Sorry that I missed comment#4, and I did forget to mention that our fuzzer testcases use the first two bytes for other purposes so really the input for FT should be the fuzzer input minus those two bytes... Thankfully it seems fixed now. I'll roll FT on PDFium as well.

The following revision refers to this bug:
  https://pdfium.googlesource.com/pdfium/+/964e56bef136014c9ba47e579993872b95f9782e

commit 964e56bef136014c9ba47e579993872b95f9782e
Author: Nicolas Pena <npm@chromium.org>
Date: Thu Aug 03 17:19:40 2017

Roll FreeType to 7e50824288fac5a36c2938fdb3e1c949ea53f982

Bug:  chromium:738343 
Change-Id: Ia5651c50c7f54a79533ebecbee8c020c289afda2
Reviewed-on: https://pdfium-review.googlesource.com/10031
Reviewed-by: Nicolás Peña <npm@chromium.org>
Commit-Queue: Nicolás Peña <npm@chromium.org>

[modify] https://crrev.com/964e56bef136014c9ba47e579993872b95f9782e/third_party/freetype/README.pdfium
[modify] https://crrev.com/964e56bef136014c9ba47e579993872b95f9782e/DEPS

ClusterFuzz has detected this issue as fixed in range 491668:491697.

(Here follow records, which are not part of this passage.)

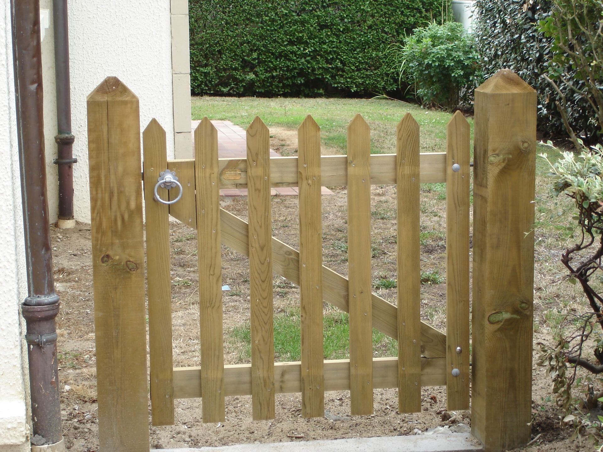 Chaque portillon en bois massif est monté sur des poteaux de forte section pour garantir une stabilité structurelle et une résistance optimale face aux intempéries.
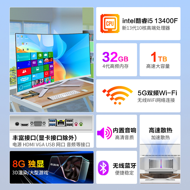 新款32英寸2K曲面屏一体机电脑家用办公商务设计电竞游戏台式整机
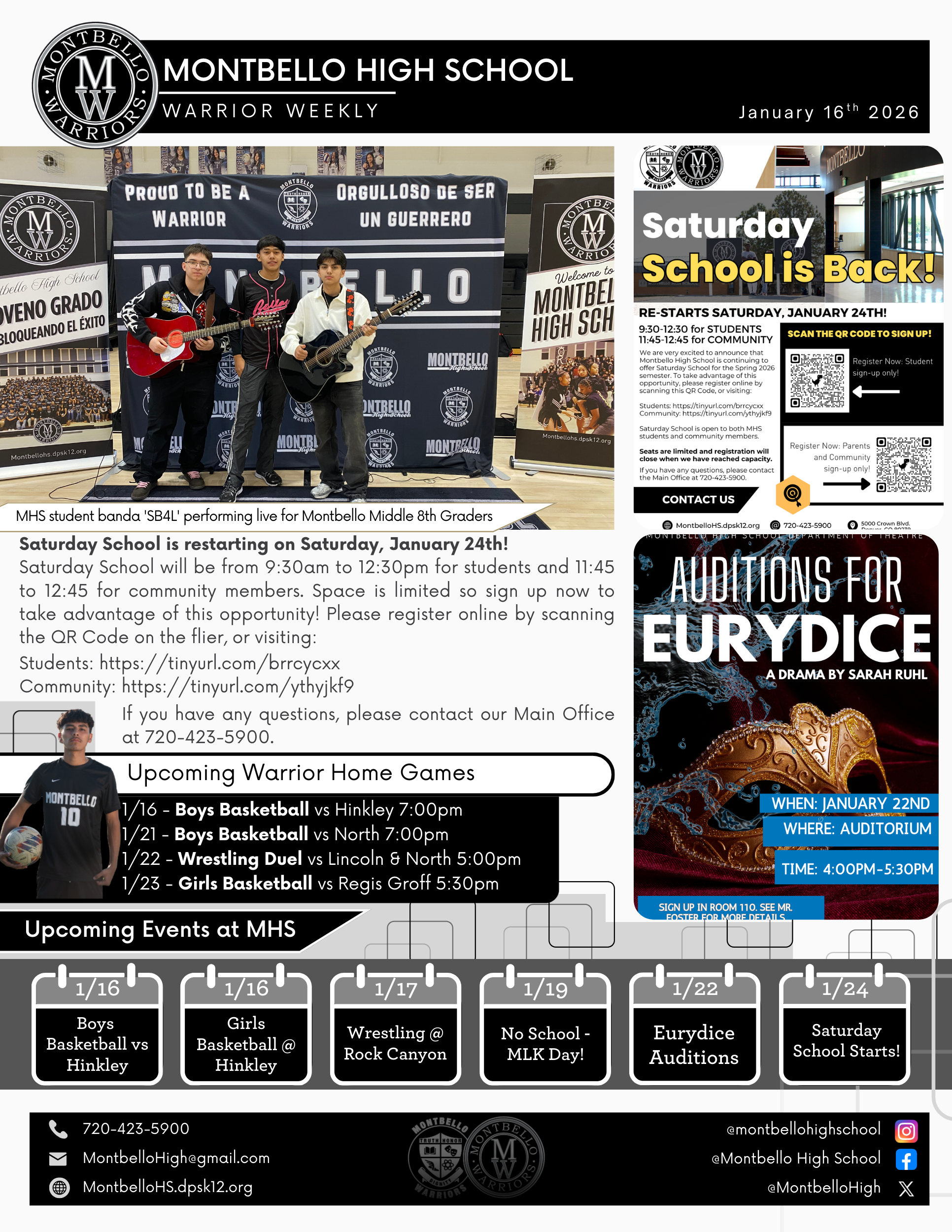 ¡Las clases de los sábados se reanudan el sábado 24 de enero! Las clases de los sábados se impartirán de 9:30 a 12:30 para estudiantes y de 11:45 a 12:45 para miembros de la comunidad. ¡Las plazas son limitadas, así que inscríbase ahora para aprovechar esta oportunidad! Puede registrarse en línea escaneando el código QR del folleto o visitando la siguiente página web:
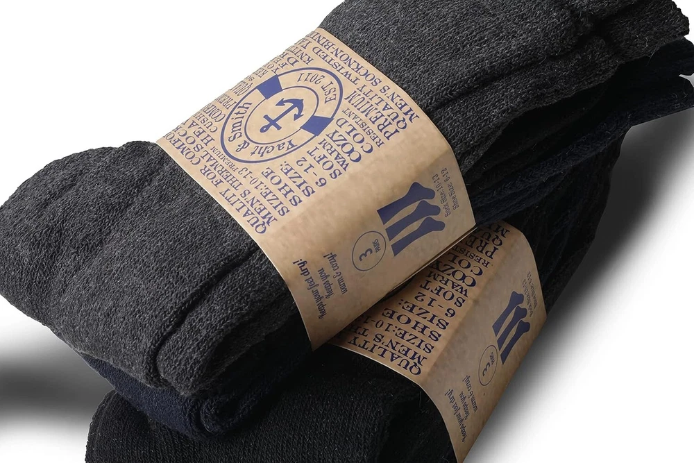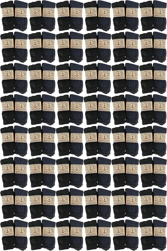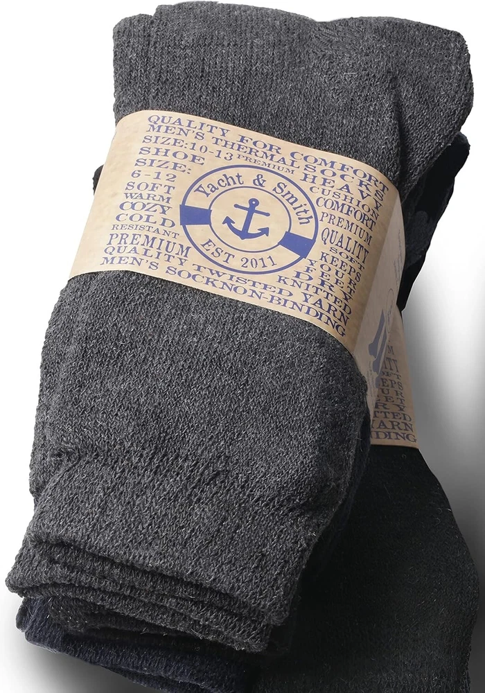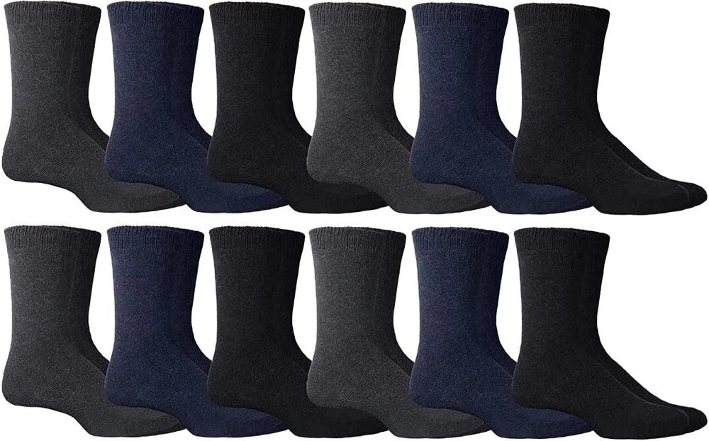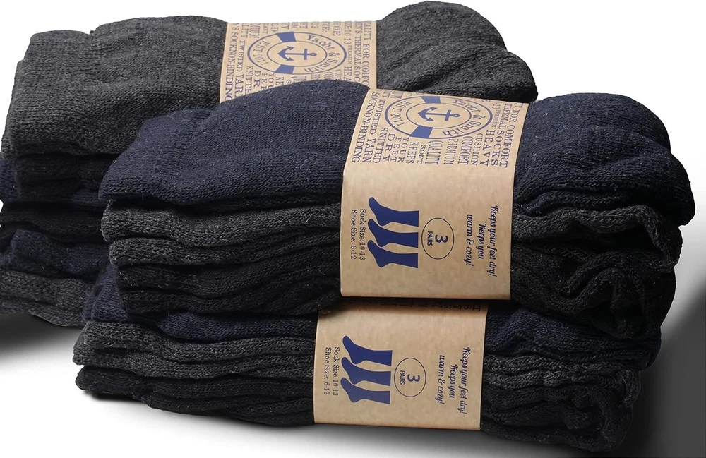 Mens and Womens Thermal Winter Socks, Warm Cold Resistant Bulk Pack 48 PAIRS OF MENS THERMAL SOCKS: The perfect pair to help you get through the winter this season, these thermal socks are thicker than your typical pair of socks . Great for the commute to work, going out with friends, or simply wearing at for wearing with your favorite pair of boots. Ideal for men who love winter sports or work cushioned design offers additional comfort for those long winter days. INSULATED TO RETAIN BODY HEAT: The top band ensures that your sock does not slide down. It also helps to insulate body heat keep and keep the cold air from reaching inside. Keeps body heat close to the body ,ideal for activities including working, skiing, snowboarding, hiking, winter fun. WHOLESALE BULK BUY: Pack sizes available from 12 to 180 Pairs. Enjoy shopping for bulk discounted prices and get more pairs of socks for your money. have a charity in mind ? Consider donating these warm winter socks for a charity of your choice. Dark color warm winter thermal socks is the most essential part of apparel needed to keep warm during the cold winter season. .SOCK DETAILS: Sock size 10-13 will fit men’s shoe sizes 8-12. 70% Acrylic 25% Polyester 5% Spandex Machine wash cold and tumble dry. WHAT MATTERS: Cold resistant, premium quality, soft, non-binding, keeps your feet dry, wicks away moisture, heavy cushion, terry lining. Product details Fabric type 70% Acrylic 25% Polyester 5% Spandex Care instructions Machine Wash Origin Imported Pattern Solid Country of Origin China About this item 48 PAIRS OF MENS THERMAL SOCKS: The perfect pair to help you get through the winter this season, these thermal socks are thicker than your typical pair of socks . Great for the commute to work, going out with friends, or simply wearing at for wearing with your favorite pair of boots. Ideal for men who love winter sports or work cushioned design offers additional comfort for those long winter days. INSULATED TO RETAIN BODY HEAT: The top band ensures that your sock does not slide down. It also helps to insulate body heat keep and keep the cold air from reaching inside. Keeps body heat close to the body ,ideal for activities including working, skiing, snowboarding, hiking, winter fun. WHOLESALE BULK BUY: Pack sizes available from 12 to 180 Pairs. Enjoy shopping for bulk discounted prices and get more pairs of socks for your money. have a charity in mind ? Consider donating these warm winter socks for a charity of your choice. Dark color warm winter thermal socks is the most essential part of apparel needed to keep warm during the cold winter season. .SOCK DETAILS: Sock size 10-13 will fit men’s shoe sizes 8-12. 70% Acrylic 25% Polyester 5% Spandex Machine wash cold and tumble dry. WHAT MATTERS: Cold resistant, premium quality, soft, non-binding, keeps your feet dry, wicks away moisture, heavy cushion, terry lining. See more About this item
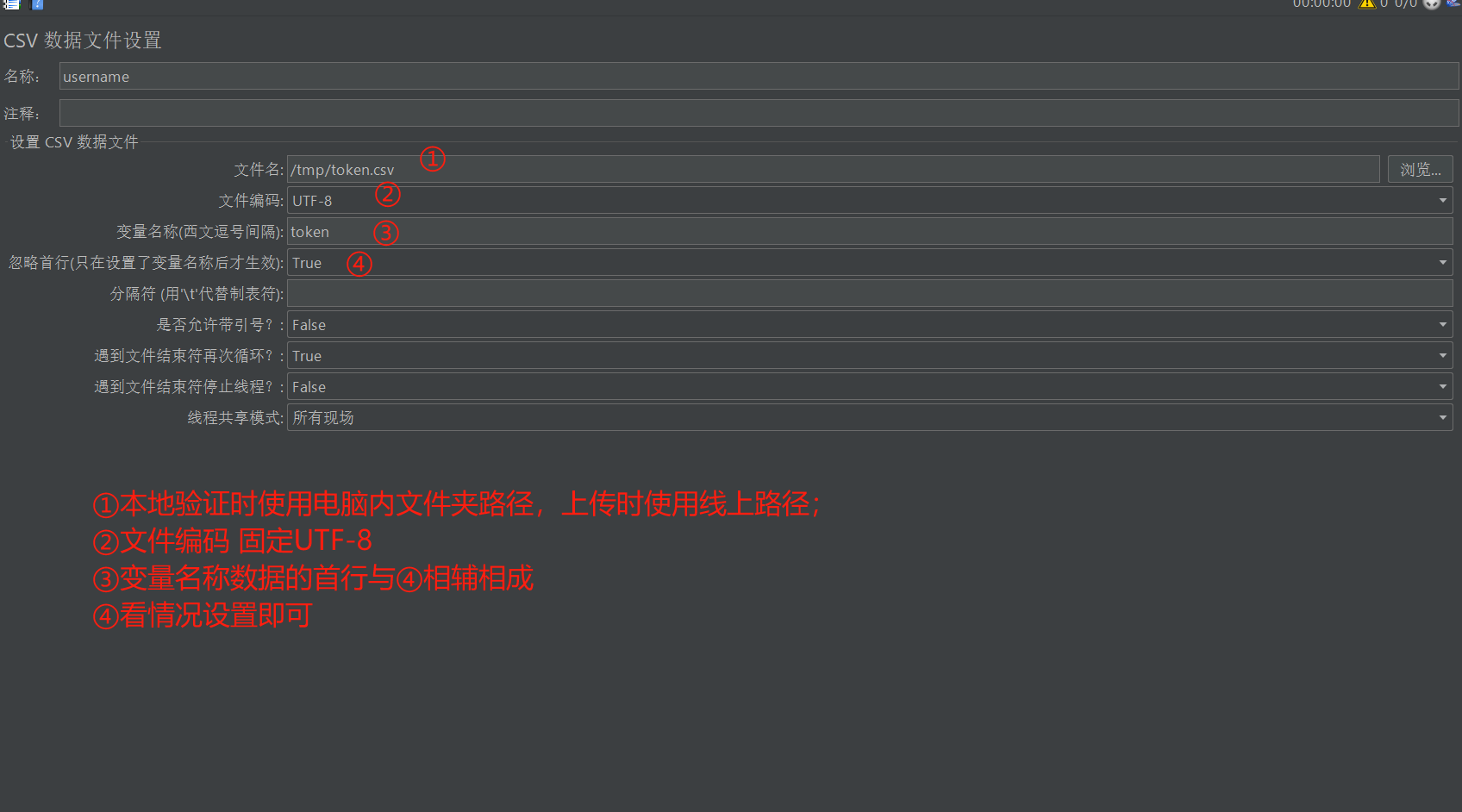 9.如果在参数中也需要设置变量则需要 在增加一个csv数据文件设置 其他同理
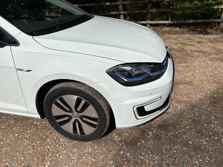 Discover a smarter way to drive with this 2018 Volkswagen e Golf, a superb example of electric motoring. This e Golf variant boasts a 36 kWh battery, offering a maximum range of 186 miles when new, making it ideal for both daily commutes and longer journeys. You can enjoy the convenience of home charging, with a full charge taking approximately 5 hours and 20 minutes using a 7kW charger, and for those times you need a quick top up, an 80% charge can be achieved in just 40 minutes at a compatible public charging station.This Volkswagen e Golf is equipped with a suite of impressive features designed to enhance your driving experience. Navigate with ease using the Discover Navigation Pro Touch Screen system, complete with DVD radio and integrated voice activation, plus Car Net Guide and Inform Plus. The Convenience Pack ensures automatic headlights, while Adaptive Cruise Control helps maintain a set speed and distance from the vehicle ahead. Parking is made simpler with front and rear parking sensors, and the car benefits from bright and efficient LED headlights. Furthermore, the e Golf offers a generous boot space, providing ample room for your shopping or luggage, setting it apart from many other electric vehicles in its class..
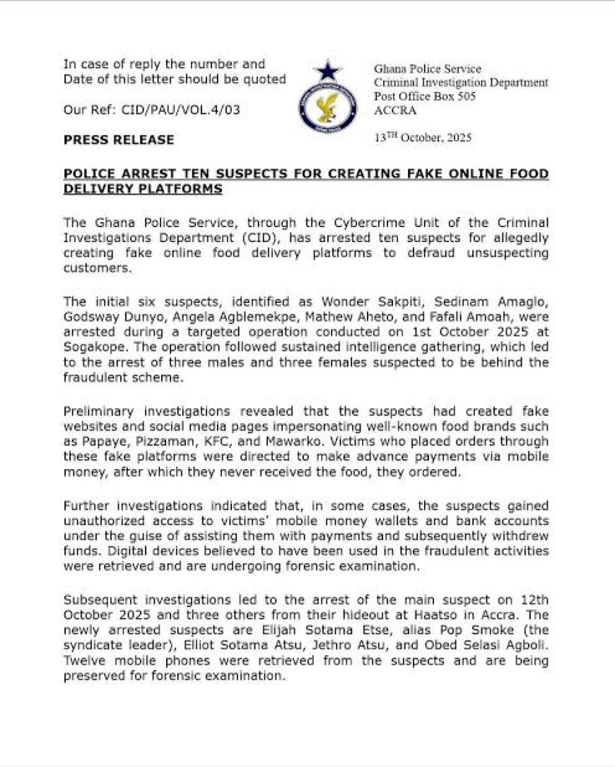 The Ghana Police Service has arrested ten suspects for allegedly operating fake online food delivery platforms used to defraud unsuspecting customers.
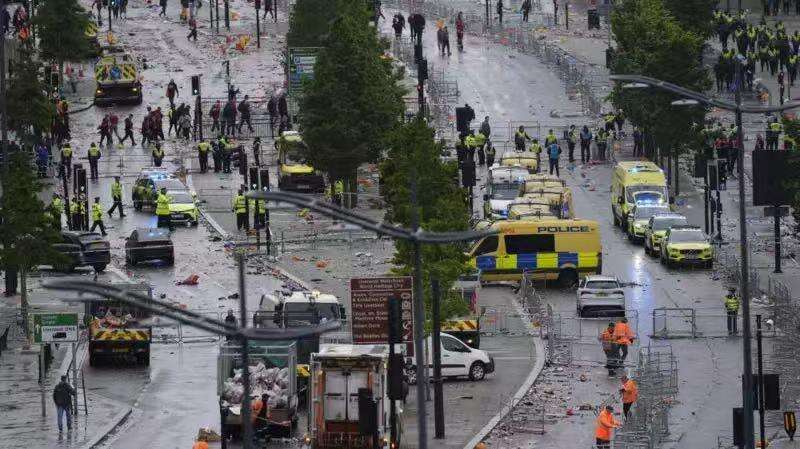 利物浦市中心26日下午发生汽车冲撞球迷事件,肇事车辆随后在现场被拦停。事发时,数万名球迷正沿街庆祝利物浦队赢得英超联赛冠军。
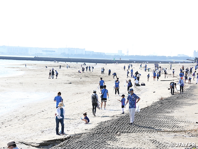 「アスパス!ビーチクリーン」は社会貢献活動の一環として、日本財団と環境省が推進する「海ごみゼロウィーク」にJFAも賛同し、行っているものです。5月にビーチサッカー選手とJFA役職員が行った活動に続き今回で2回目となりました。さらに今回は日本代表オフィシャルサプライヤーのアディダス社が展開する「RUN FOR THE OCEANS(ラン・フォー・ジ・オーシャンズ)」と連動し、参加者のごみ回収活動時間が走行時間としてカウントされ、10分間ごとにプラスチックペットボトル1本分の重量相当のプラスチックゴミが回収される取り組みとなりました。
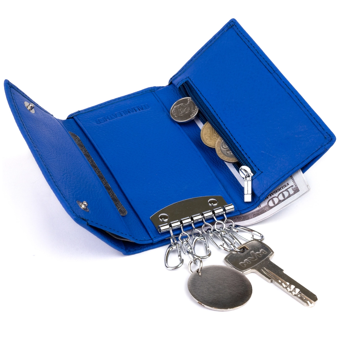 кожи высокого качества яркого и насыщенного синего цвета. Ключница

Detailed report: https://clusterfuzz.com/testcase?key=4646829617840128

Fuzzer: libFuzzer_pdf_font_fuzzer
Job Type: libfuzzer_chrome_ubsan
Platform Id: linux

Crash Type: Integer-overflow
Crash Address: 
Crash State:
  cf2_glyphpath_curveTo
  cf2_interpT2CharString
  cf2_getGlyphOutline
  
Sanitizer: undefined (UBSAN)

Regressed: https://clusterfuzz.com/revisions?job=libfuzzer_chrome_ubsan&range=483358:483512
Fixed: https://clusterfuzz.com/revisions?job=libfuzzer_chrome_ubsan&range=491668:491697

Reproducer Testcase: https://clusterfuzz.com/download?testcase_id=4646829617840128


See https://chromium.googlesource.com/chromium/src/+/master/testing/libfuzzer/reproducing.md for more information.

If you suspect that the result above is incorrect, try re-doing that job on the test case report page.

ClusterFuzz testcase 4646829617840128 is verified as fixed, so closing issue as verified.

If this is incorrect, please add ClusterFuzz-Wrong label and re-open the issue.